7 Mei 2014

PENDEKATAN INQUIRI

 A.    Pengertian
Inquiri berasal dari bahasa Inggris yaitu “Inquiry” yang berarti penyelidikan. Menurut Piaget inquri adalah metode yang mempersiapkan peserta didik pada situasi untuk melakukan eksperimen sendiri secara luas agar melihat apa yang terjadi, ingin melakukan sesuatu, mengajukan pertanyaan-pertanyaan, dan mencari jawaban sendiri, serta menghubungkan penemuan yang satu dengan penemuan yang lain, membandingkan apa yang ditemukannya dengan yang ditemukan peserta didik lain.

Strategi pembelajaran ini adalah strategi yang menekankan kepada proses mencari dan menemukan.

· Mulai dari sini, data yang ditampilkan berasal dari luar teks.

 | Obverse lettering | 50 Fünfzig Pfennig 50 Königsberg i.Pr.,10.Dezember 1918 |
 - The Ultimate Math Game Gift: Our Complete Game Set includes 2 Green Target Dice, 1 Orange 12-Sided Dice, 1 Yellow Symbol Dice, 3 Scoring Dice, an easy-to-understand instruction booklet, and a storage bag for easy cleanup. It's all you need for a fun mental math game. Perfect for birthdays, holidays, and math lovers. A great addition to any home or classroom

Dimana seorang guru tidak memberikan materi pelajaran secara langsung kepada siswa, dengan cara demikian diharapkan seorang siswa mampu berperan untuk mencari dan menemukan sendiri materi yang dipelajari.
Berdasarkan uraian di atas dapat disimpulkan bahwa metode pembelajaran inquiri adalah  suati rangkaian kegiatan belajar yang melibatkan seluruh kemampuan siswa untuk mencari dan menyelidiki secara sistematis, kritis, logis, analitis, sehingga mereka dapat merumuskan sendiri penemuannya dengan penuh percaya diri.

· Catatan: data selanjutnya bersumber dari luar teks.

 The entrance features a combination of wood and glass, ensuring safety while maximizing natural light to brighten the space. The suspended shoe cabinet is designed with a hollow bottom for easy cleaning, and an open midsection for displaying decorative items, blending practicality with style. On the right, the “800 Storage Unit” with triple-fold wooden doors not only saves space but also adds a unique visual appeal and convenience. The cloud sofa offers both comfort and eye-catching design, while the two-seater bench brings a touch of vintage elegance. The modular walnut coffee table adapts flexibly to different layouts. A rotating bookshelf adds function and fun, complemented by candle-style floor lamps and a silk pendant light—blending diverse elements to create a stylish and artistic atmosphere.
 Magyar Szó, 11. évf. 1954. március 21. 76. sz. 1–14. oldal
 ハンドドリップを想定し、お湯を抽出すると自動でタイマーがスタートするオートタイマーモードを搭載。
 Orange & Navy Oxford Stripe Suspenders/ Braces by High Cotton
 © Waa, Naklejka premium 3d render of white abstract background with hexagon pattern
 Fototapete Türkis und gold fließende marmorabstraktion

pendekatan inquiri ini menganggap bahwa siswa sebagai subyek dan obyek dalam belajar yang mempunyai kemampuan-kemampuan dasar dalam berkembang secara optimal sesuai dengan kemampuan yang dimilikinya. Maka dalam menggunakan pendekatan ini proses pembelajaran yang diberikan harus dipandang sebagai stimulus yang dapat menantang siswa untuk melakukan kegiatan belajar. Pada pendekatan ini peranan guru/pendidik lebih banyak menempatkan diri sebagai pembimbing atau pemimpin belajar serta fasilator belajar. Dengan demikian siswa lebih banyak melakukan kegiatan sendiri atau dalam bentuk kelompok memecahkan permasalahan dengan bimbingan guru.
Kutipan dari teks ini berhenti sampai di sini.